(Closed) Being handed an unsealed, unaddressed invitation…what would you think?

posted 7 years ago in Etiquette
  • poll: Would you be upset?
    Yep. I'd feel like an afterthought. : (15 votes)
    15 %
    Guess I'm on the 'B' list. : (23 votes)
    23 %
    Just RSVP as if it was mailed to you. : (30 votes)
    31 %
    It's OK. It happens! : (30 votes)
    31 %
  • Post # 3
    Member
    762 posts
    Busy bee
    • Wedding: July 2010

    We did it with close friends who we see several times a week. Also planning to do it with 2 guests whose invites never got there. I personally think they lost them but both guests live in the same zip code… My FIL s wanted to add some coworkers, took forever to get the addresses, then lost them! I said well, just give them to them at work. I have other things to do at this point; our wedding is 6 wks. away!

    Post # 4
    Member
    581 posts
    Busy bee

    Kinda tacky.  How hard is it to put their name on the outside envelope?

    Post # 5
    Member
    13102 posts
    Honey Beekeeper
    • Wedding: July 2010

    Personally – I don’t think that’s very appropriate for a wedding invite.  If you really feel like you have to hand-deliver them (although I’m in the camp that thinks wedding invites should actually go through the mail) they NEED to be sealed and addressed.  Besides, how do they know exactly what individuals are invited if it’s addressed to no one?

    Post # 7
    Member
    5978 posts
    Bee Keeper

    I did this to someone I worked with. He started with us after we had sent our initial invitations out. He fit right into our group and was tons of fun, so I handed him an invitation about 2 weeks prior to the wedding. I just explained that we had become close after I had sent my invites out (8 weeks prior to the wedding) and I’d love for him and his girlfriend to come, but would totally understand if they didn’t feel comfortable. They ended up coming, catching the garter and bouquet, and now they’re getting married! So glad I did it :o)

    Post # 8
    Member
    1684 posts
    Bumble bee
    • Wedding: February 2010

    I would def. think I was B-list if I received an invite like that from a friend or a coworker.

    – BUT –

    If it’s a close friend or an immediate family member or someone like that who you see multiple times a week – I think having it sealed & addressed with a posted RSVP but still handing them the non stamped outer envelope is fine.

    Post # 9
    Member
    762 posts
    Busy bee
    • Wedding: July 2010

    Haha. I guess I’m tacky. Embarassed I think it also depends on your relationship to this person.

    Post # 11
    Member
    3162 posts
    Sugar bee
    • Wedding: July 2010

    HA 8 weeks? I’m not even going to get my invitations to begin the process of addressing them until 6 weeks before, probably won’t be able to mail them until 4 weeks. Whatever at 8 weeks out you aren’t B list because it’s not past her RSVP deadline or anything like that. Just RSVP and don’t get offended. You got invited to their wedding – be happy about it or, if you really find it tacky and you’re offended, don’t go.

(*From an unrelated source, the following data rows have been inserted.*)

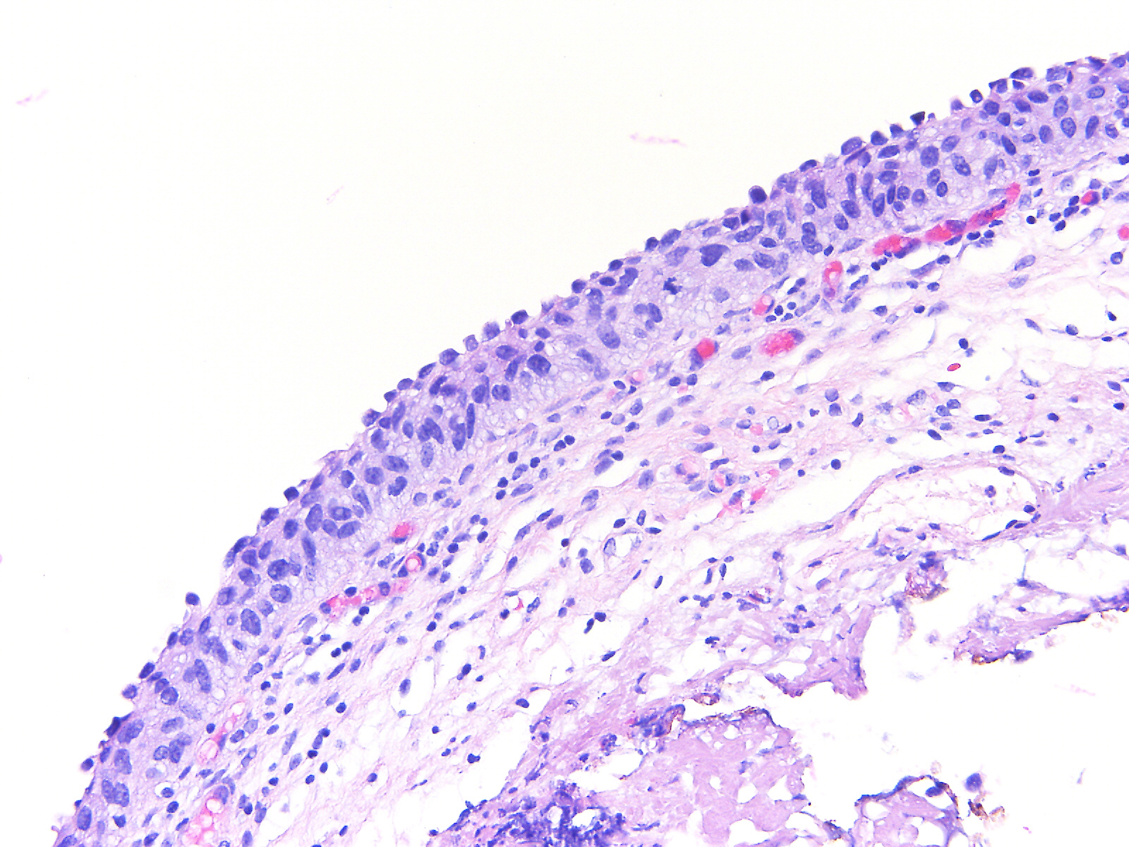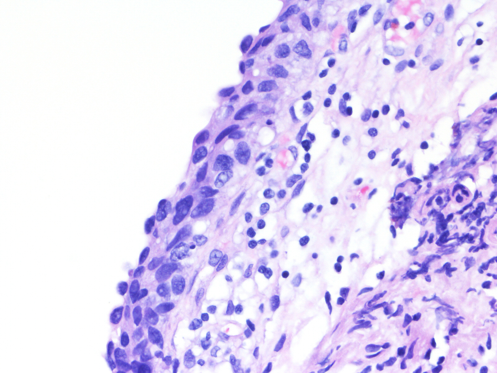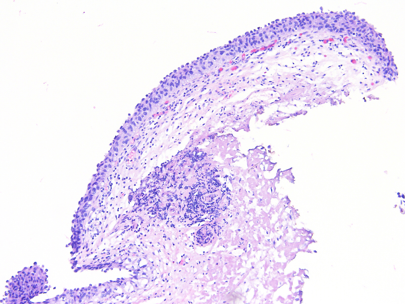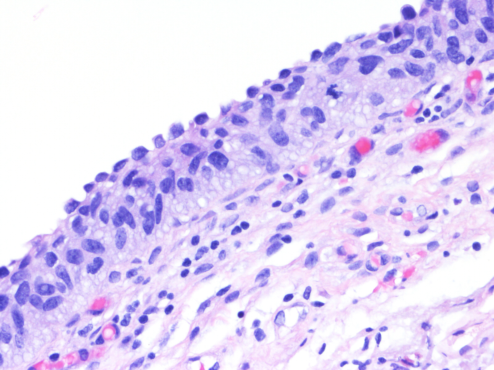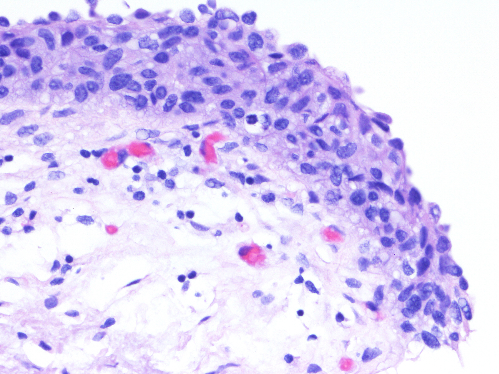 A 60-year-old female underwent a bladder cystoscopy and biopsy of a 2-cm erythematous lesion at the right posterior bladder wall. About 5 years ago, she was diagnosed with pT1 bladder urothelial carcinoma treated with intravesical therapy.
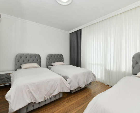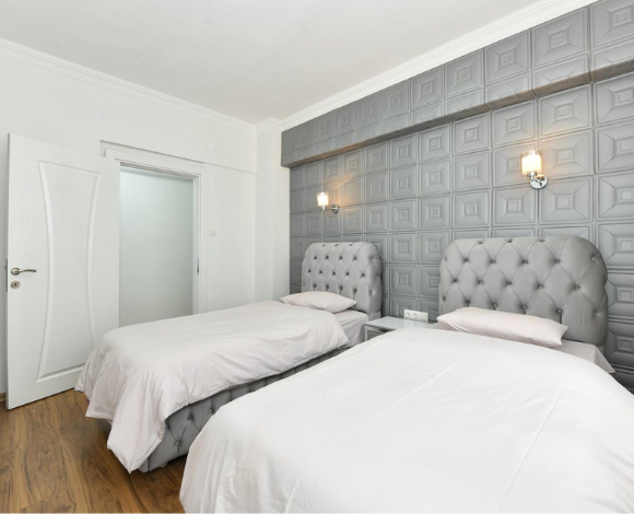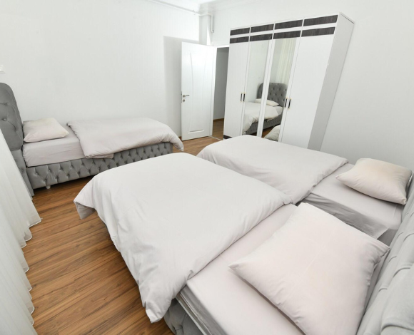 تم تصميم الشقة بعناية لتلبي احتياجات الباحثين عن الراحة و الخصوصية. تتكوّن من أربع غرف نوم مستقلة، كل غرفة مجهزة بأسرّة مريحة، خزائن ملابس، و أثاث عصري بسيط يوفّر أجواء هادئة و مناسبة للنوم والاسترخاء. هذا التوزيع العملي يجعل الشقة مثالية للعائلات الكبيرة أو مجموعات الأصدقاء الذين يفضّلون الإقامة في شقق للايجار يومي في اسطنبول بدل الغرف الفندقية الضيقة.
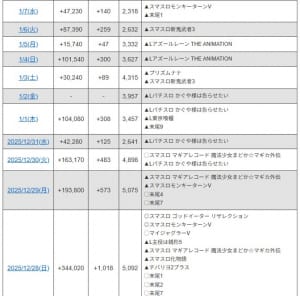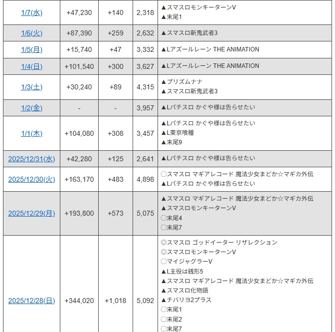 その他LT機とアグネスを中心にアケており、12/27 1/1 ではパチンコ差玉日本一を達成。
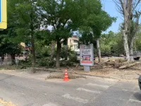 В Керчи ведется активная работа по спилу веток больших деревьев
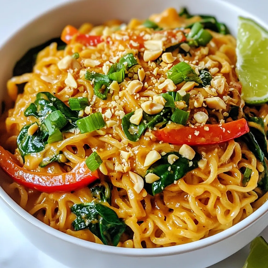 For the vegetables, red bell pepper adds sweetness and color. Baby spinach wilts down nicely, bringing nutrients. Garnishes like green onion and crushed peanuts add crunch. Lime wedges add a fresh zing. They balance the creamy sauce with acidity.
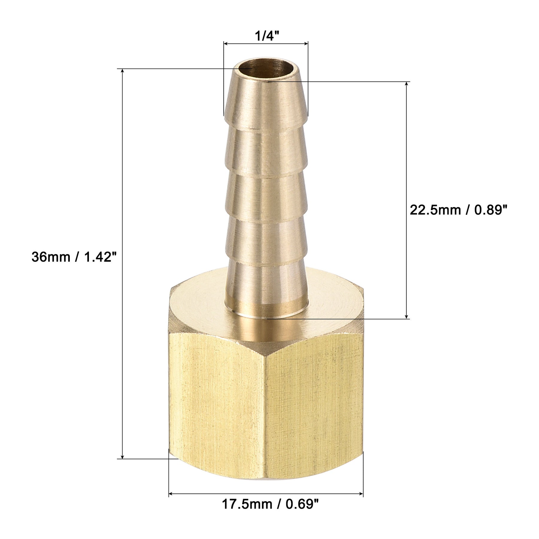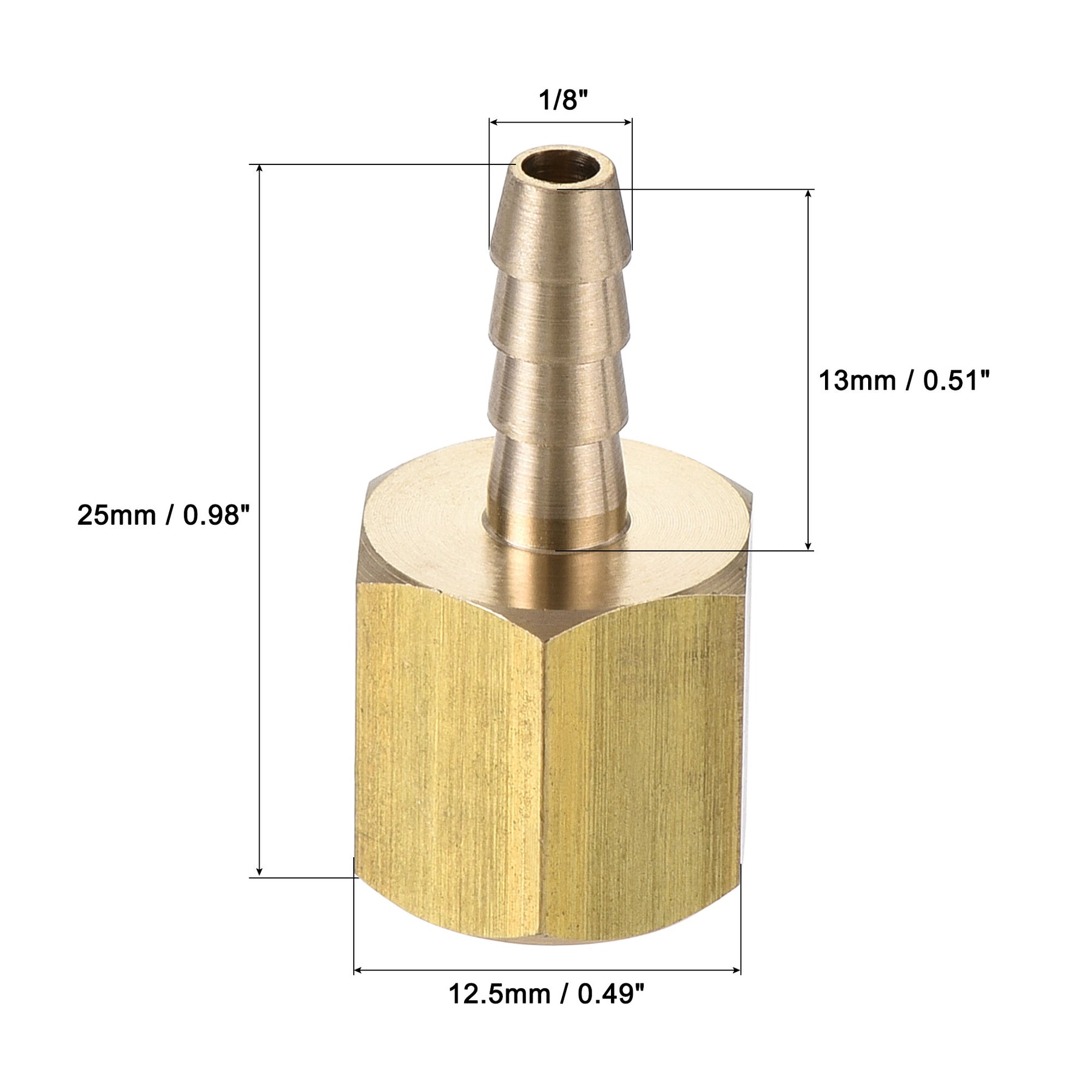 Specifications: Color: Golden Material: Brass Fitting Shape: Straight Thread Size: 1/8NPT Female Barb Outer Diameter: 1/4 inch Barb Length: 22.5mm / 0.89 inch Overall Size: 35mm x 12.5mm / 1.38 x 0.49 inch (L*W)
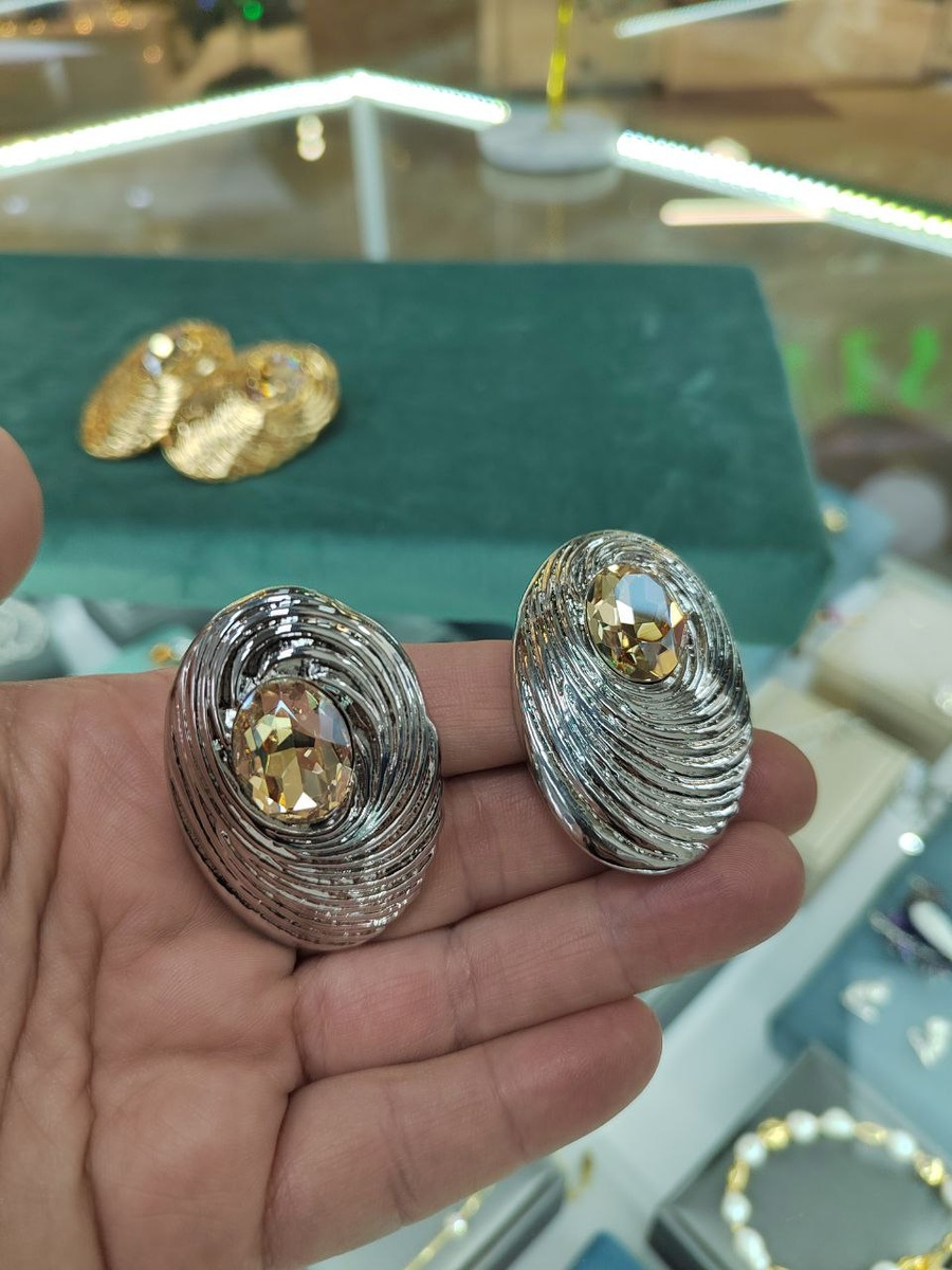 Крупные легкие серьги с итальянской застёжкой с золотистым стразом

    ETA: ahahaha just saw your update with more details. that would have been good to include in your original post. yeah now you are definitely B list. i wouldn’t even go if I were you.

    Post # 12
    Member
    435 posts
    Helper bee

    Isn’t it really proper to hand deliver all wedding invitations?  In some circles it’s considered declasse to mail invites:-)  Not any I am in by the way!!

    Post # 13
    Member
    2867 posts
    Sugar bee
    • Wedding: September 2010

    At the very least I’d expect it to be sealed with my name written on it.

    If it was someone I saw all the time I could understand them just handing it to me (rather than sending it) but why not put my name? It’s like the person inviting me wasn’t sure they were going to give me an invite or not and just decided at the last second.

    Post # 14
    Member
    1732 posts
    Bumble bee
    • Wedding: September 2010

    8 weeks is normal invite timeline, but I would still feel a little B-listy.  I like getting them in the mail, I guess.

    Post # 15
    Member
    683 posts
    Busy bee

    Honestly- I wouldn’t go- the whole vibe seems unorganized and unthoughtful on the part of the host due to the fact they haven’t given you ample time to make arrangements. I wouldn’t want to trap myself/spend the money on a destination wedding with poor planning.

    However I wouldn’t mind the whole B list thing with budget and space contraints that couples face with wedding planning.

    Post # 16
    Member
    1732 posts
    Bumble bee
    • Wedding: September 2010

    I just read your update about all other invites going out in March.  That is so not cool.

    I’d send a gift and be done with it.

    The topic ‘Being handed an unsealed, unaddressed invitation…what would you think?’ is closed to new replies.